_Work to complete_
Below are some records; quote exactly the lines from the one that contains "Fibroblast Growth Factor 9" through the one that contains "Handmade sterling and", inclusive, and no others.

_Entries supplied_

────────────────────

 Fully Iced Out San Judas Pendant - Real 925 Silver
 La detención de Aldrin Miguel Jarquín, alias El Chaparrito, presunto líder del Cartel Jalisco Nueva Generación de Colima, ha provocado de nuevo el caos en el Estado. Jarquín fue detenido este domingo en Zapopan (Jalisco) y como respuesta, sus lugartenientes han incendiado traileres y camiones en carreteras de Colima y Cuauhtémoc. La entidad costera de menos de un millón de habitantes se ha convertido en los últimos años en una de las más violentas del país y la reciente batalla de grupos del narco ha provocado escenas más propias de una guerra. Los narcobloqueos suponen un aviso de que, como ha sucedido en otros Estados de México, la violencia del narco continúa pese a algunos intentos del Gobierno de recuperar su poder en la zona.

────────────────────

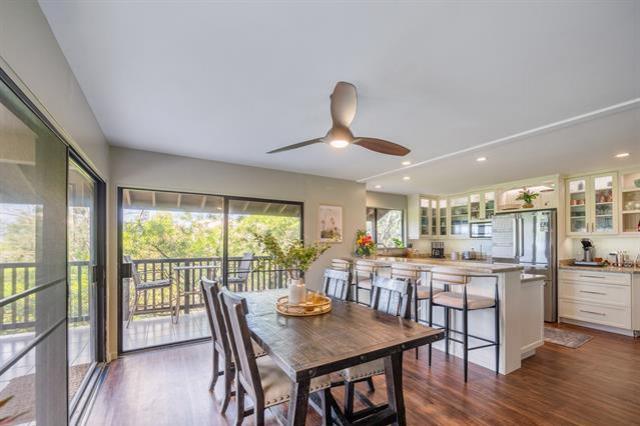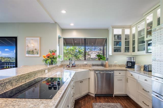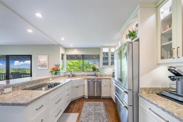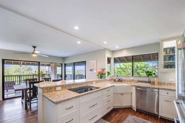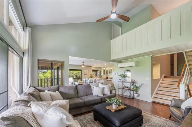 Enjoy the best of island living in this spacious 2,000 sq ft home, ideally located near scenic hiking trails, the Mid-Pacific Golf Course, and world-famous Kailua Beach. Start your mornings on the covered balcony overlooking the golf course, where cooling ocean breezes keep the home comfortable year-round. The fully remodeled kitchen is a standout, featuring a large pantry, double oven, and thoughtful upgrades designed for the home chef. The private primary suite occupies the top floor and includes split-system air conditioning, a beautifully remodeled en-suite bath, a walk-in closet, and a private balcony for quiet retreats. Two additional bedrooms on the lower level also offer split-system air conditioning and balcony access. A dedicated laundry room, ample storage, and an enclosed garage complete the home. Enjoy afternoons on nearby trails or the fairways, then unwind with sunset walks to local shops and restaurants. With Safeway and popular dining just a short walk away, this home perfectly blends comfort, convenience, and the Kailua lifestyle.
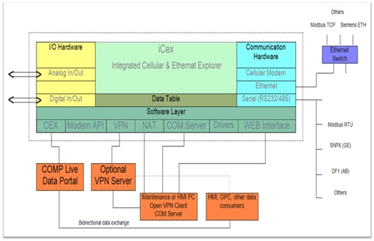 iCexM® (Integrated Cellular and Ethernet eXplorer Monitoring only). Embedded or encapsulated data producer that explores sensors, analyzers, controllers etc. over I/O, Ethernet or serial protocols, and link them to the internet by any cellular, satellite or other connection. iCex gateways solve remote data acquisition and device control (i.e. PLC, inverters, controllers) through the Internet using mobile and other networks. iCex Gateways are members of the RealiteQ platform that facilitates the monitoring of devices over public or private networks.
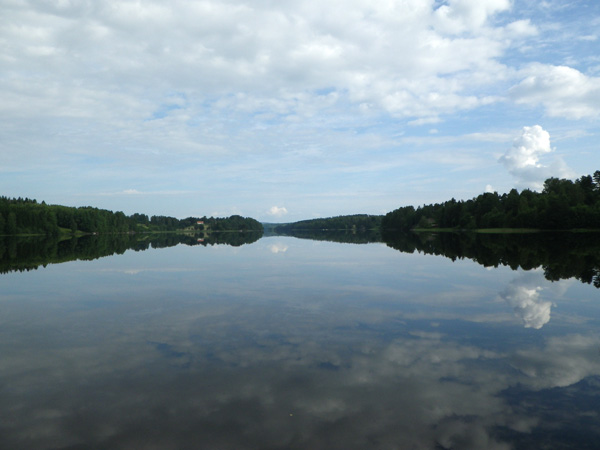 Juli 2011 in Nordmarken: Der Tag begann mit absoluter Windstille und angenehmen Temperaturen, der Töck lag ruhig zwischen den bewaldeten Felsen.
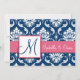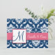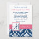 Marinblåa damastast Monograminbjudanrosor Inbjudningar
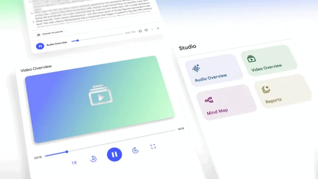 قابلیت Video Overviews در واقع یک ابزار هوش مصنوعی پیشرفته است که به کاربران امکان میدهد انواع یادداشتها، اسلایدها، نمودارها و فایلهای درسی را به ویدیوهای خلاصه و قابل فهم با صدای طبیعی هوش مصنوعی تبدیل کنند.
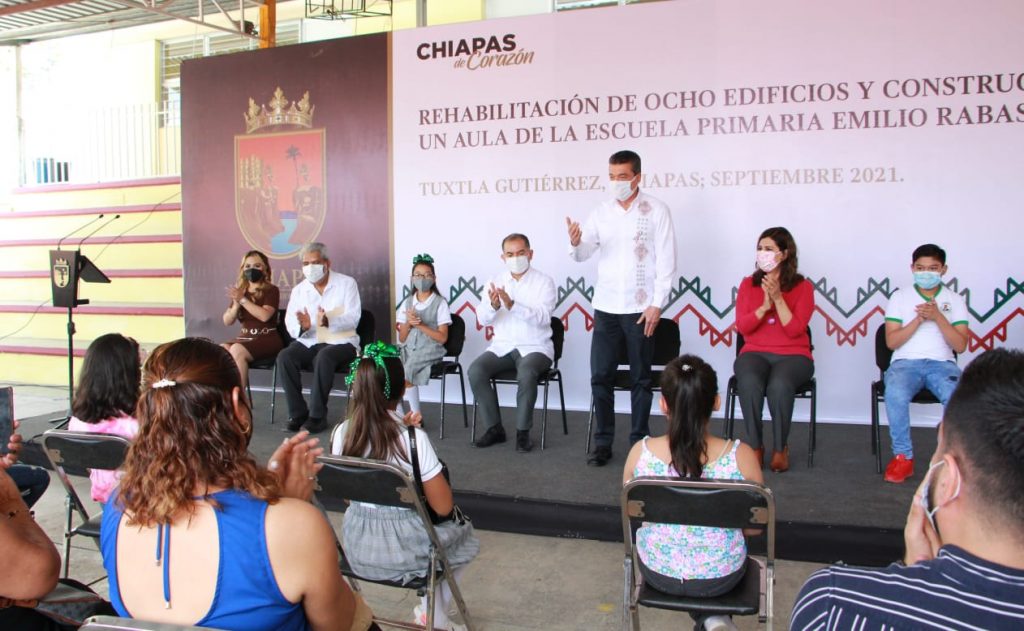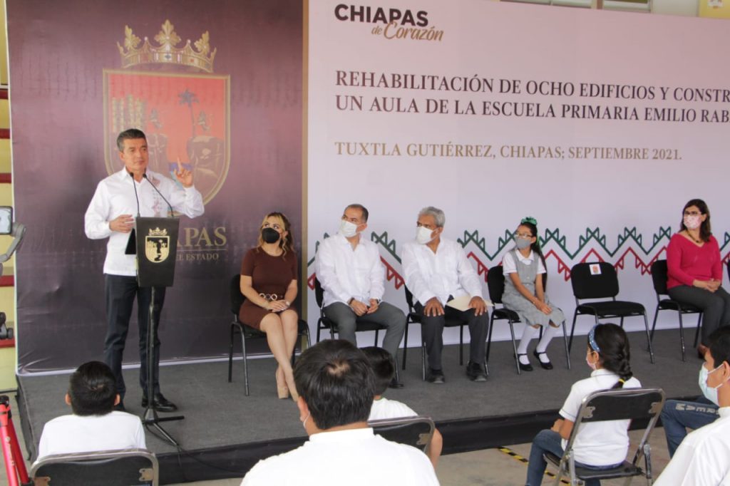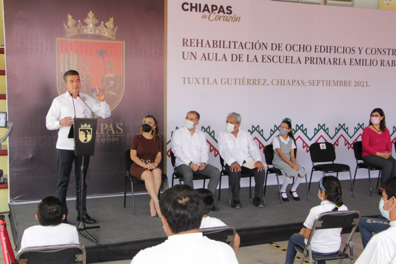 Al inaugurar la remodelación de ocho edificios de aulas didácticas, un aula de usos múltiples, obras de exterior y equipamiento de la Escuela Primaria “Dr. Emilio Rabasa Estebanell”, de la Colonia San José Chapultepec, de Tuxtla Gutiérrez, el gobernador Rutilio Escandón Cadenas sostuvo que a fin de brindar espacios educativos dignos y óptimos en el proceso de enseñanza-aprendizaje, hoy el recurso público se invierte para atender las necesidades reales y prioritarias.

────────────────────

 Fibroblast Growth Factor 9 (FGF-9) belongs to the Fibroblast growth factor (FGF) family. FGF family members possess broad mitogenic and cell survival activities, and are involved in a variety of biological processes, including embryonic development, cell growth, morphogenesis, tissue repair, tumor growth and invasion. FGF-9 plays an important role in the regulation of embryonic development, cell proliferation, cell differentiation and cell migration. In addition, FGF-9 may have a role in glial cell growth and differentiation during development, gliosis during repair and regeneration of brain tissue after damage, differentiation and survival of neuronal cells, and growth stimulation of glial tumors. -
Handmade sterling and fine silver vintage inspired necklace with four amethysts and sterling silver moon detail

────────────────────

_Completed task_
 Fibroblast Growth Factor 9 (FGF-9) belongs to the Fibroblast growth factor (FGF) family. FGF family members possess broad mitogenic and cell survival activities, and are involved in a variety of biological processes, including embryonic development, cell growth, morphogenesis, tissue repair, tumor growth and invasion. FGF-9 plays an important role in the regulation of embryonic development, cell proliferation, cell differentiation and cell migration. In addition, FGF-9 may have a role in glial cell growth and differentiation during development, gliosis during repair and regeneration of brain tissue after damage, differentiation and survival of neuronal cells, and growth stimulation of glial tumors. -
Handmade sterling and fine silver vintage inspired necklace with four amethysts and sterling silver moon detail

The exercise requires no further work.